This function produces a diagonal matrix
D, and invertible matrices
P and
Q such that
D = PMQ. Warning: even though this function is called the Smith normal form, it doesn't necessarily satisfy the more stringent condition that the diagonal entries
d1, d2, ..., dn of
D satisfy:
d1|d2|...|dn..
i1 : M = matrix{{1,2,3},{1,34,45},{2213,1123,6543},{0,0,0}}
o1 = | 1 2 3 |
| 1 34 45 |
| 2213 1123 6543 |
| 0 0 0 |
4 3
o1 : Matrix ZZ <--- ZZ
|
i2 : (D,P,Q) = smithNormalForm M
o2 = (| 135654 0 0 |, | 1 33471 -43292 0 |, | 171927 -42421 54868 |)
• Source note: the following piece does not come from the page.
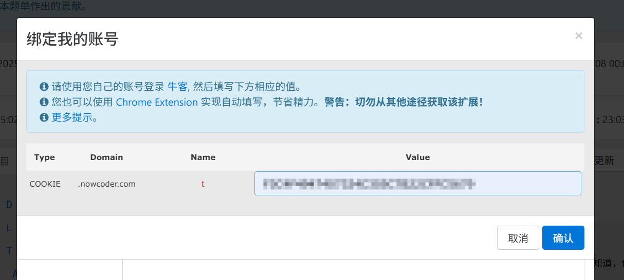 2025.09.16 二编:VJudge 支持使用扩展插件获取第三方平台账号,下面两个视频分别是官方教程和 LS学姐 录制的教程。如果照着这两个视频还不能正常提交代码再看下面的步骤。

| 0 1 0 | | 0 1 0 0 | | 93042 -22957 29693 |
| 0 0 1 | | 0 0 1 0 | | -74119 18288 -23654 |
| 0 0 0 | | 0 0 0 1 |
o2 : Sequence
|
i3 : D == P * M * Q
o3 = true
|
i4 : (D,P) = smithNormalForm(M, ChangeMatrix=>{true,false})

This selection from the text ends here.